Either way, we're talking about a lot of cash. Scott said that at 1 petabyte, it would cost between $1.5 million and $2 million to store all the files for the foreseeable future on server space loaned out from the separate Archive.org, the non-profit organization that manages the Internet Archive (where Scott is also employed). Figuring Scott's estimate of a cost of $1500 per terabyte to store on Archive.org servers, storing 2.5 petabytes for the foreseeable future would cost $3.75 million.

In any case, Archive Team will soon find out just how large a project it's dealing with.

READ MORE: Jason Scott Is Archiving CD-ROMs and Floppy Discs From Closets Around the World

"Archive Team generally tries to assess what exactly a site contains," Scott wrote. "In most cases, it is a relatively small (under a few terabytes) site and can be grabbed wholesale. We don't often get 'whales' like SoundCloud, although we have had a few cases like this. In the case for 'whales,' we do an assessment of what's on the site, try to get a grip on size, and do tests to see how completely we can rescue the data off the dying website.
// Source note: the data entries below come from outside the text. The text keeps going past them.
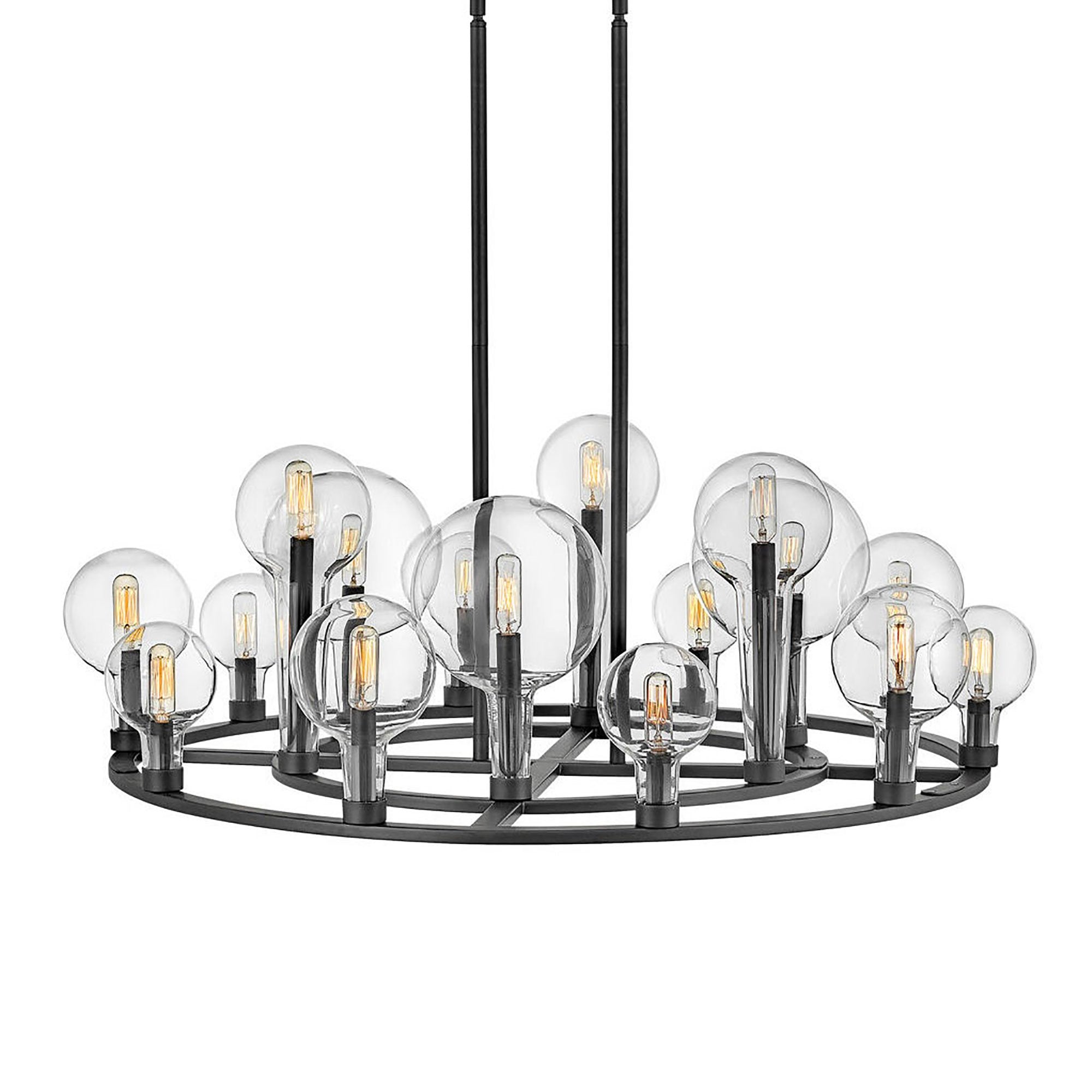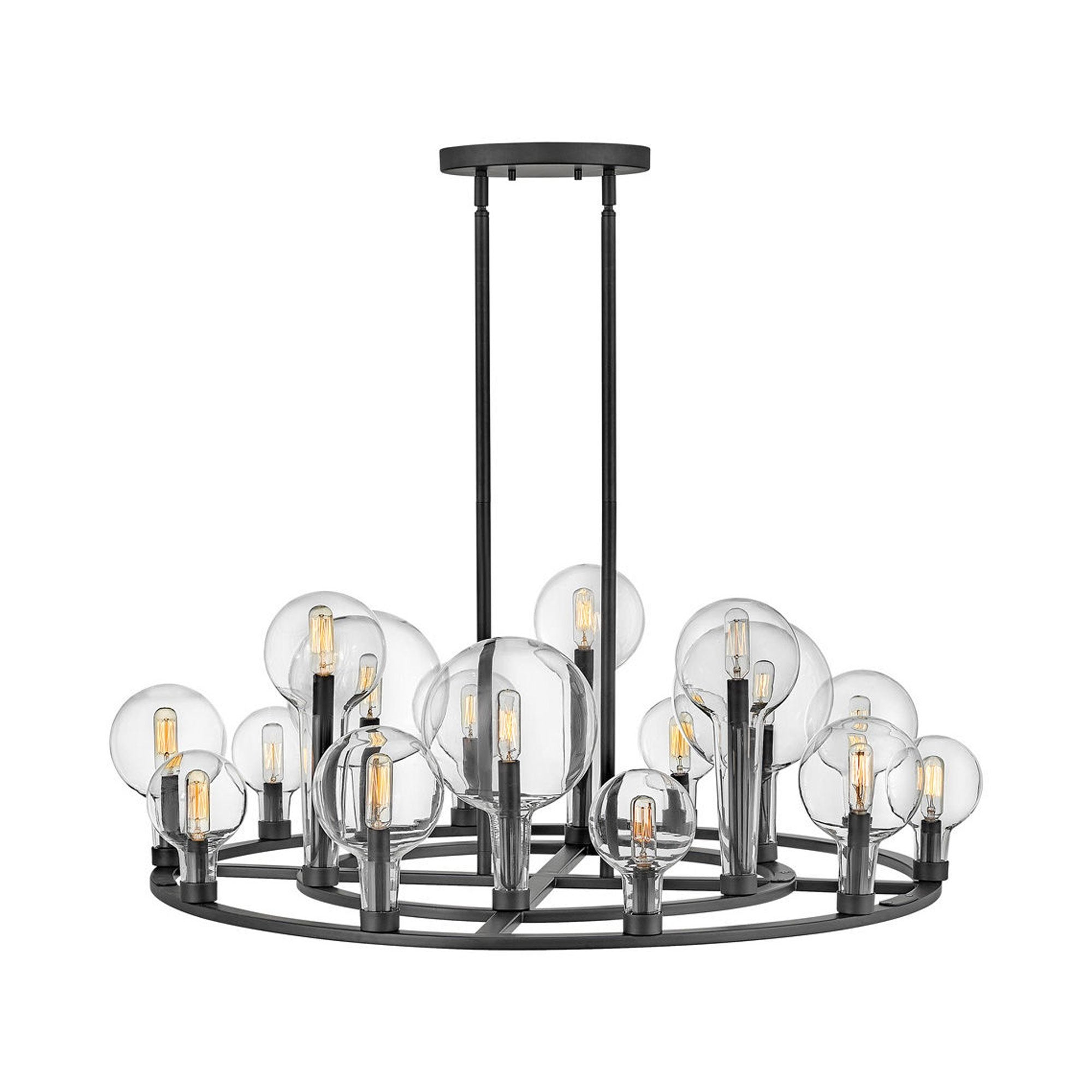 Inspired by the vintage flasks of a chemistry classroom, Alchemy Chandelier is a unique statement piece. Its tapered globes instantly stand out in a variety of spaces, while the Black open-cage silhouette enhances its sophisticated edge.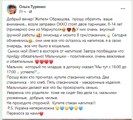 «Два стаканчика – это хлеб, пять стаканчиков – макаронные изделия. Мальчишки делают все, чтобы прокормить семью. Уверенна, что родители тоже не сидят без дела. Мальчики добрые и милые. Не проходите стороной. Купите стакан напитка», - написала Ольга Туренко.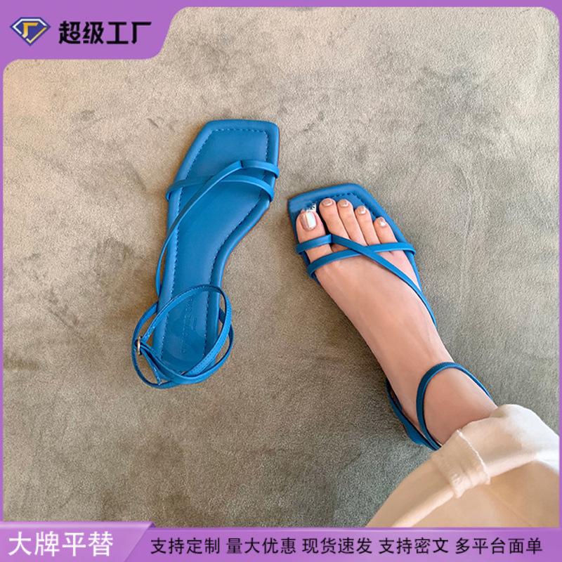 Женская обувь Yuanlitong праздничный стиль~ Корейский стиль блогера квадратный носок перекрестный ремешок закрытый носок сандалии на плоской подошве женские летние

We're doing that with SoundCloud at the moment."

Even archiving just part of the massive library of sounds will be costly, hence why Scott is calling upon those who are interested in assisting with the archiving of SoundCloud to donate to Archive.org.

"We will save the data and then try to make it in some way playable, although we're not interested in hosting a 'new SoundCloud,'" Scott wrote. "Our main concern is artists and creators suddenly finding their stuff gone, and making it so it's not in oblivion."